◆ WORK ORDER ◆
With pictures excluded, repeat exactly the lines from the one containing "ベージュ、アイボリー、グレー、水色、黒 XL 、熊耳、ネコミミ、ファー" through the last line of the material below.

◆ RECORDS PROVIDED ◆
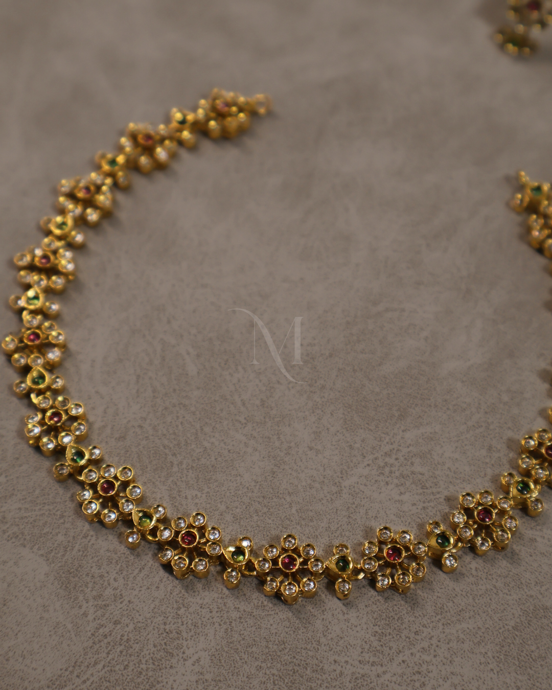 This charming necklace features an intricate floral design adorned with sparkling white stones and accented by rich ruby-red centers. The flowers are delicately linked in a continuous pattern, set in lustrous gold for a timeless appeal. Perfect for traditional occasions, weddings, and festive celebrations, this piece beautifully combines elegance and heritage, making it a treasured addition to any jewelry collection.
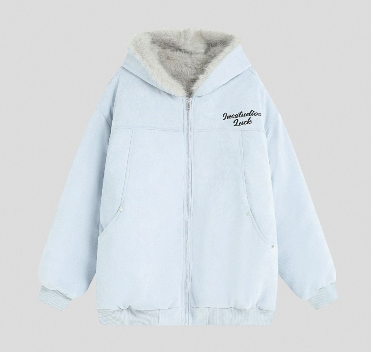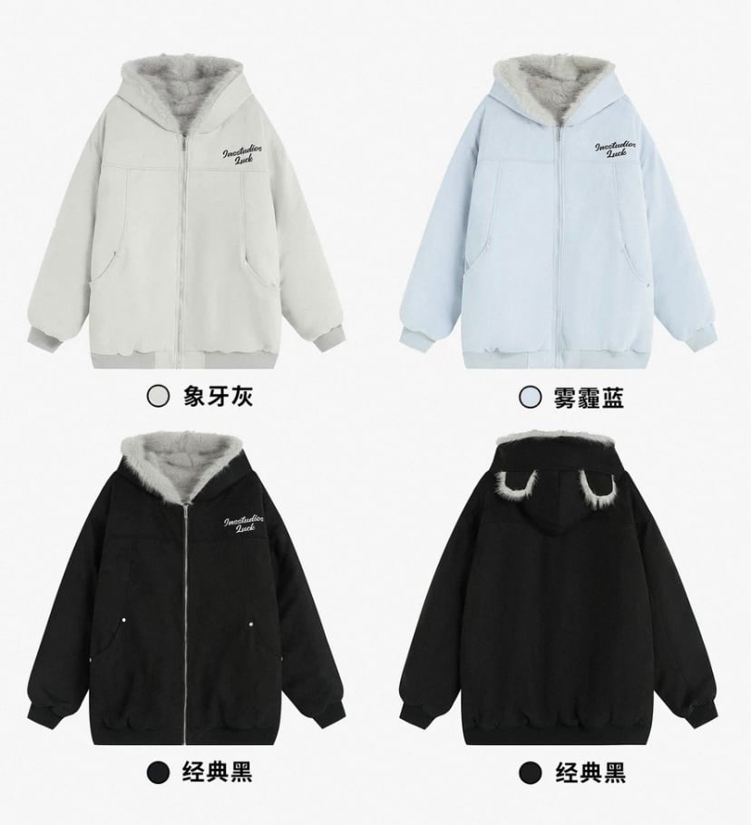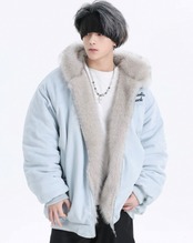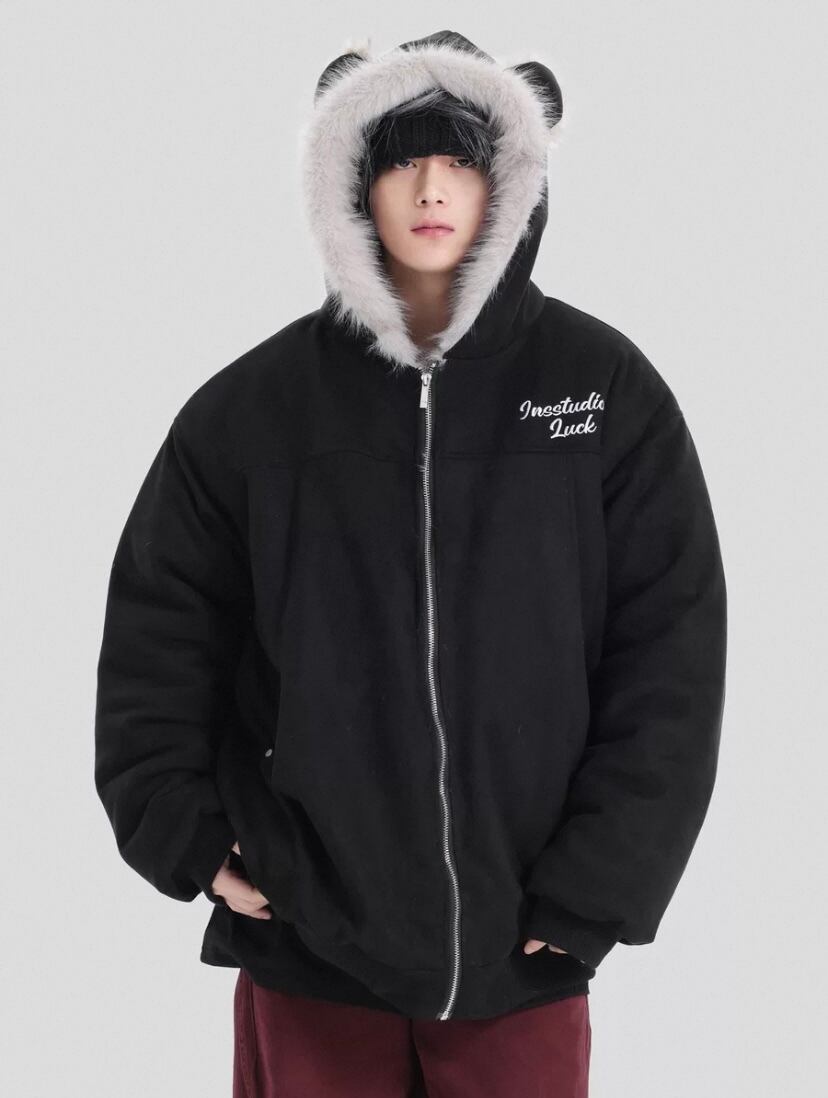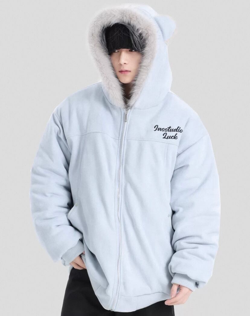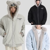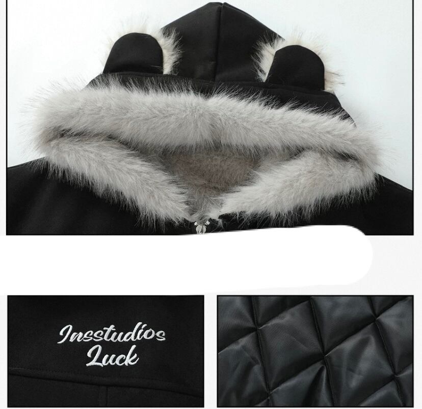 ベージュ、アイボリー、グレー、水色、黒 XL 、熊耳、ネコミミ、ファー ブルゾン、ダウン、コート
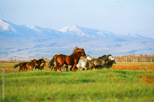 © Vladimir Smirnov, Obraz premium Mountains landscape with herd of horses. Buryatiya
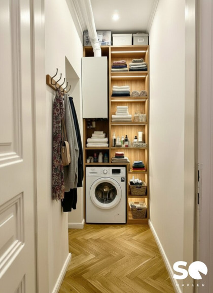 einen zusätzlichen gut nutzbaren Abstellraum in dem Waschmaschine und Therme elegant verborgen werden können.(ca. 2,8 m²),
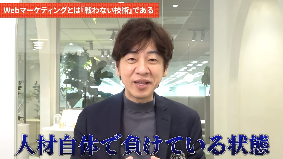木下:まず、Webマーケティングの技術とは、「戦わない技術である」がベースになっています。本来マーケティングというものは、多くの人が「競合と戦う武器だ」と思っている人が多いと思うんですけども、実際にはそうではありません。そもそもマーケティングとは戦わない技術なんですね。
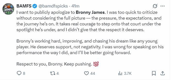 布朗尼一直都在努力訓練,不斷進步,像所有年輕球員一樣追逐自己的夢想,他應該得到支持而非負面的評價,我之前對他的看法是錯誤的,今後我會正確看待,向你致敬,布朗尼,繼續努力吧。

◆ WRITTEN ANSWER ◆
 ベージュ、アイボリー、グレー、水色、黒 XL 、熊耳、ネコミミ、ファー ブルゾン、ダウン、コート
 © Vladimir Smirnov, Obraz premium Mountains landscape with herd of horses. Buryatiya
 einen zusätzlichen gut nutzbaren Abstellraum in dem Waschmaschine und Therme elegant verborgen werden können.(ca. 2,8 m²),
木下:まず、Webマーケティングの技術とは、「戦わない技術である」がベースになっています。本来マーケティングというものは、多くの人が「競合と戦う武器だ」と思っている人が多いと思うんですけども、実際にはそうではありません。そもそもマーケティングとは戦わない技術なんですね。
 布朗尼一直都在努力訓練,不斷進步,像所有年輕球員一樣追逐自己的夢想,他應該得到支持而非負面的評價,我之前對他的看法是錯誤的,今後我會正確看待,向你致敬,布朗尼,繼續努力吧。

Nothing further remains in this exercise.